Exercise input:
┄┄┄┄┄┄

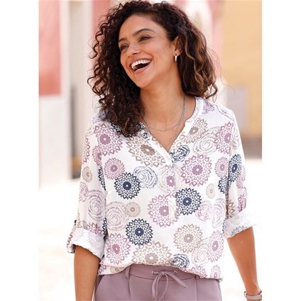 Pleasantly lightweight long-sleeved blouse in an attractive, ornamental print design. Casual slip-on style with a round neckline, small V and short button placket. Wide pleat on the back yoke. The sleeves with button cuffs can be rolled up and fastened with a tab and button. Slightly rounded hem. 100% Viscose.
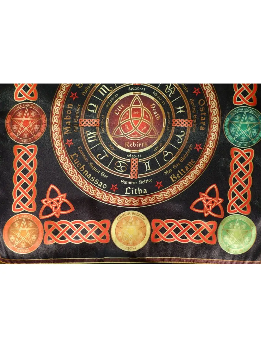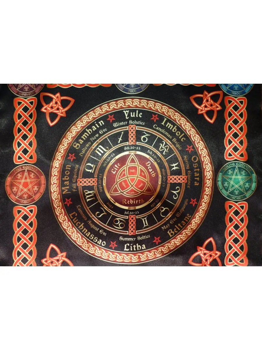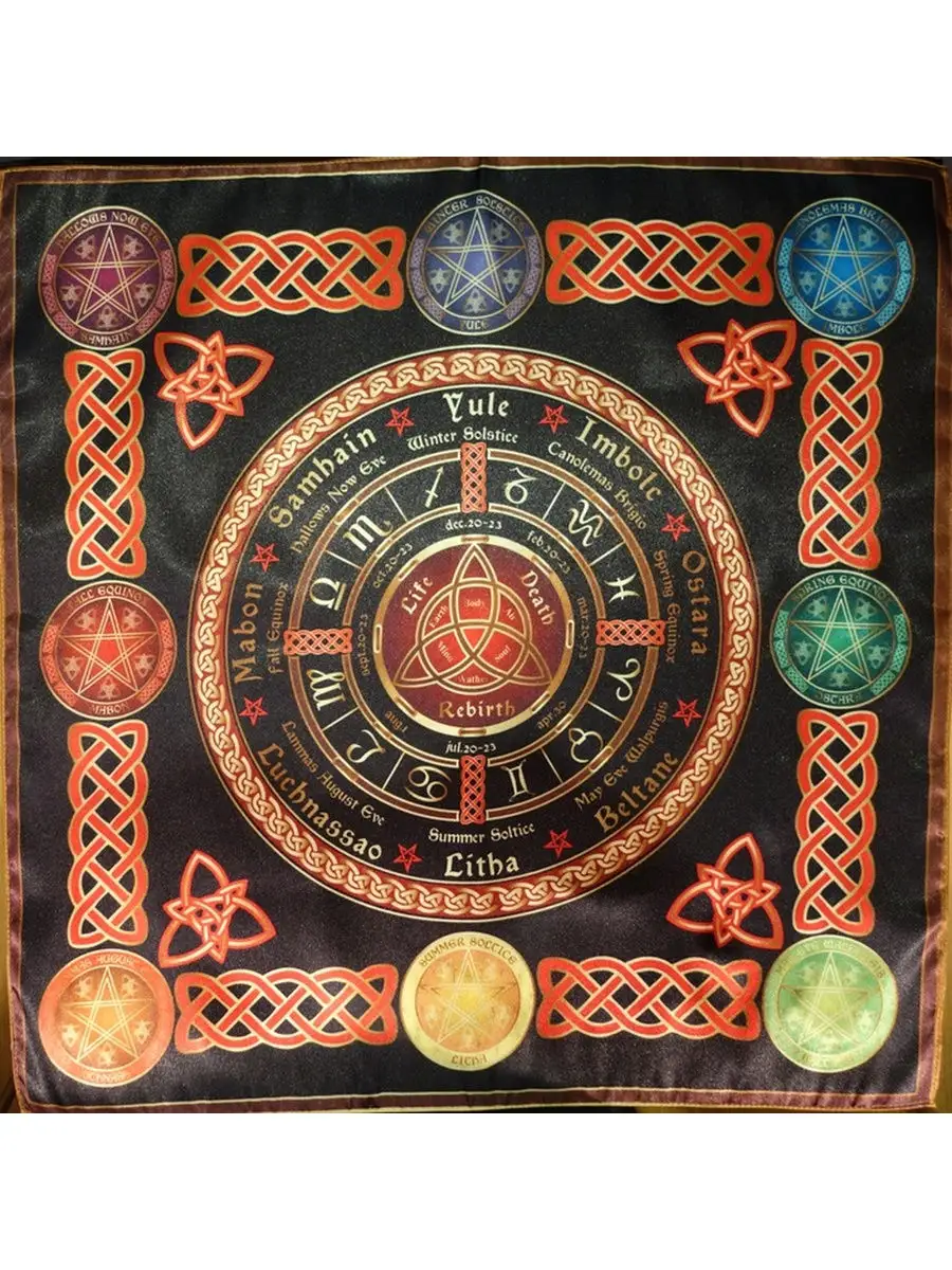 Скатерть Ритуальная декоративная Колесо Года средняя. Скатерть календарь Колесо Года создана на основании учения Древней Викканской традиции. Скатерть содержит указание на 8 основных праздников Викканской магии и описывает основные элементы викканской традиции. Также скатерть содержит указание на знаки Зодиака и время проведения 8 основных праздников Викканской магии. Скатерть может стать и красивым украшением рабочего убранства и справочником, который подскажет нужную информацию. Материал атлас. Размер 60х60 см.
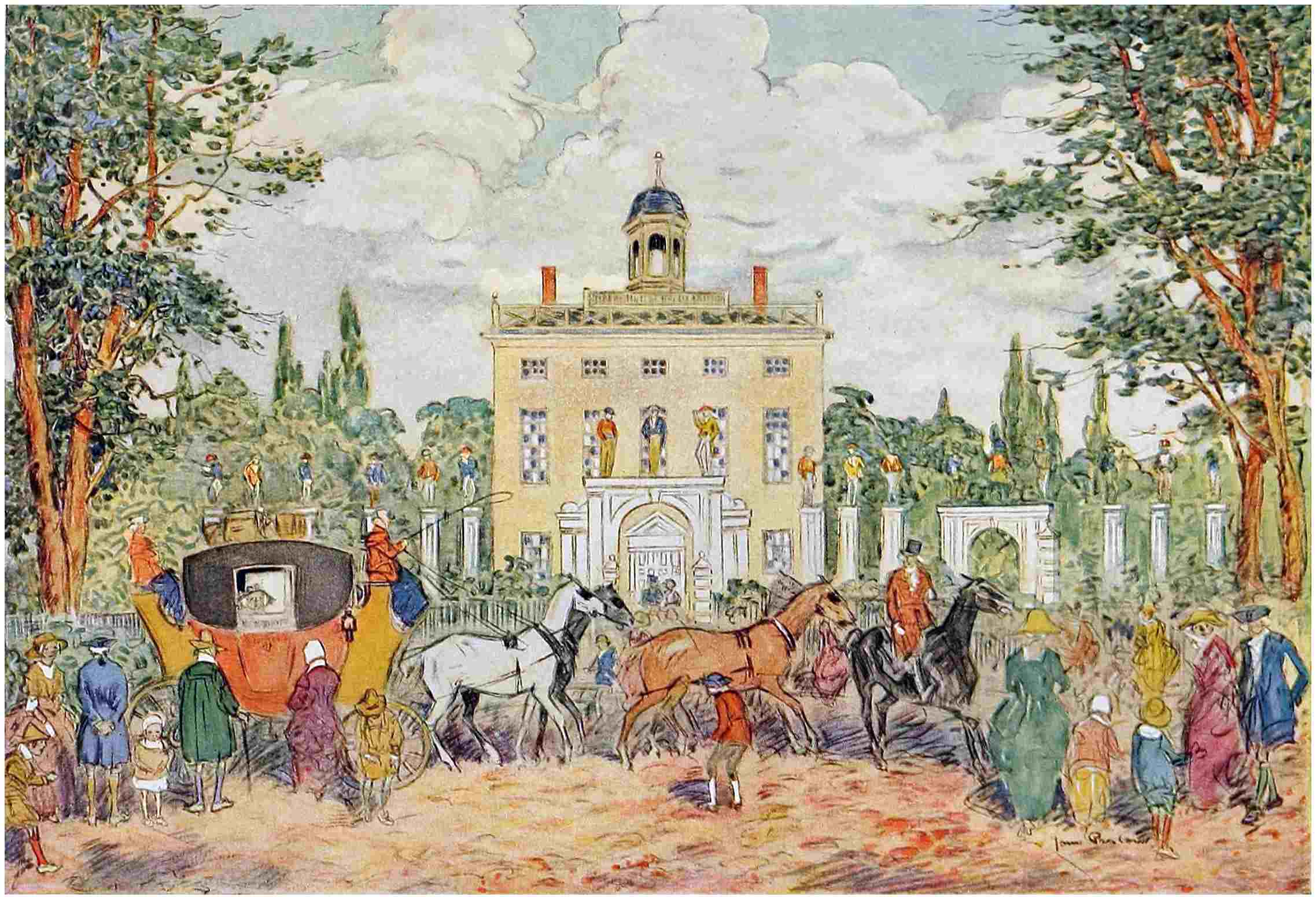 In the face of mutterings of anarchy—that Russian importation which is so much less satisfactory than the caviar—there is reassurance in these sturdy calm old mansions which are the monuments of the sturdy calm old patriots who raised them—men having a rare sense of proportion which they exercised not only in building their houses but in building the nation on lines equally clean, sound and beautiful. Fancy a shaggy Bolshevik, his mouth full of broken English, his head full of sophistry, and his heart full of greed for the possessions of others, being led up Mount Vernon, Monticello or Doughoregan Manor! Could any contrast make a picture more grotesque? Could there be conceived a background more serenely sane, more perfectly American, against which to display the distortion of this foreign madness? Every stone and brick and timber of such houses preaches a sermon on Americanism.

┄┄┄┄┄┄

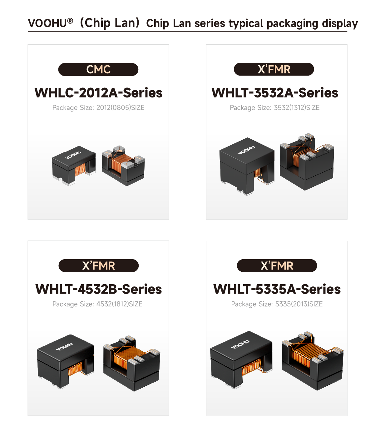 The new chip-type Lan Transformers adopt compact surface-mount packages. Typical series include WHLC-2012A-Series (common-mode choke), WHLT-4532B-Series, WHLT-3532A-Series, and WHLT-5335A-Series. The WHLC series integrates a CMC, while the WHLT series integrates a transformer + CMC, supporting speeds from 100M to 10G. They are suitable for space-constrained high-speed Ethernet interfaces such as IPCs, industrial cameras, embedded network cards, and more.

┄┄┄┄┄┄

Action item: The expected output is the lines above from the one containing "Pleasantly lightweight long-sleeved" to the one containing "In the face", both ends included, reproduced exactly with every picture left out.

Answer below:
 Pleasantly lightweight long-sleeved blouse in an attractive, ornamental print design. Casual slip-on style with a round neckline, small V and short button placket. Wide pleat on the back yoke. The sleeves with button cuffs can be rolled up and fastened with a tab and button. Slightly rounded hem. 100% Viscose.
 Скатерть Ритуальная декоративная Колесо Года средняя. Скатерть календарь Колесо Года создана на основании учения Древней Викканской традиции. Скатерть содержит указание на 8 основных праздников Викканской магии и описывает основные элементы викканской традиции. Также скатерть содержит указание на знаки Зодиака и время проведения 8 основных праздников Викканской магии. Скатерть может стать и красивым украшением рабочего убранства и справочником, который подскажет нужную информацию. Материал атлас. Размер 60х60 см.
 In the face of mutterings of anarchy—that Russian importation which is so much less satisfactory than the caviar—there is reassurance in these sturdy calm old mansions which are the monuments of the sturdy calm old patriots who raised them—men having a rare sense of proportion which they exercised not only in building their houses but in building the nation on lines equally clean, sound and beautiful. Fancy a shaggy Bolshevik, his mouth full of broken English, his head full of sophistry, and his heart full of greed for the possessions of others, being led up Mount Vernon, Monticello or Doughoregan Manor! Could any contrast make a picture more grotesque? Could there be conceived a background more serenely sane, more perfectly American, against which to display the distortion of this foreign madness? Every stone and brick and timber of such houses preaches a sermon on Americanism.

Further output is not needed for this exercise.